Steve Wignall

Personal information
- Full name: Steven Leslie Wignall
- Date of birth: 17 September 1954 (age 71)
- Place of birth: Liverpool, England
- Height: 5 ft 11 in (1.80 m)
- Position: Central defender

Youth career
- 1970–1972: Liverpool

Senior career*
- Years: Team / Apps / (Gls)
- 1972–1977: Doncaster Rovers / 130 / (1)
- 1976: → Nottingham Forest (loan) / 0 / (0)
- 1977–1984: Colchester United / 281 / (22)
- 1984–1986: Brentford / 67 / (2)
- 1986–1991: Aldershot / 161 / (4)
- Total:  / 639 / (29)

Managerial career
- 1992–1995: Aldershot Town
- 1995–1999: Colchester United
- 2000: Stevenage Borough
- 2000–2001: Doncaster Rovers
- 2003: Southend United

= Steve Wignall =

English football player and manager (born 1954)

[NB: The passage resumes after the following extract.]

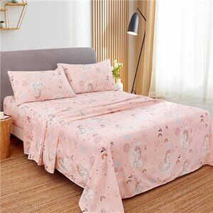 Pink Unicorn Kids Sheet Set Twin Size, 3 Piece Girls Rainbow Printed
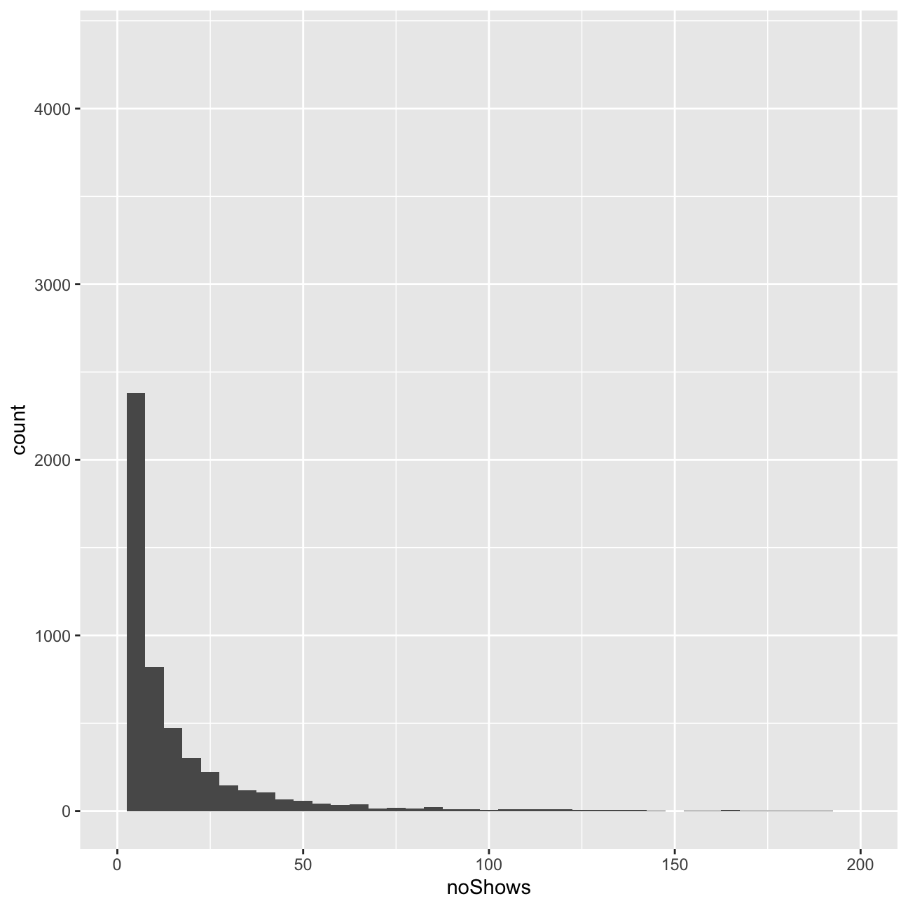 ggplot(userdatall, aes( x=noShows)) +

Steven Leslie Wignall (born 17 September 1954) is an English former professional football manager and player. During his playing career, Wignall, who played as a central defender, made over 600 appearances in the Football League.

==Playing career==
Born in Liverpool, Wignall played professionally for Doncaster Rovers, Colchester United, Brentford and Aldershot, making a total of 639 appearances in the Football League. He retired as a player in 1991.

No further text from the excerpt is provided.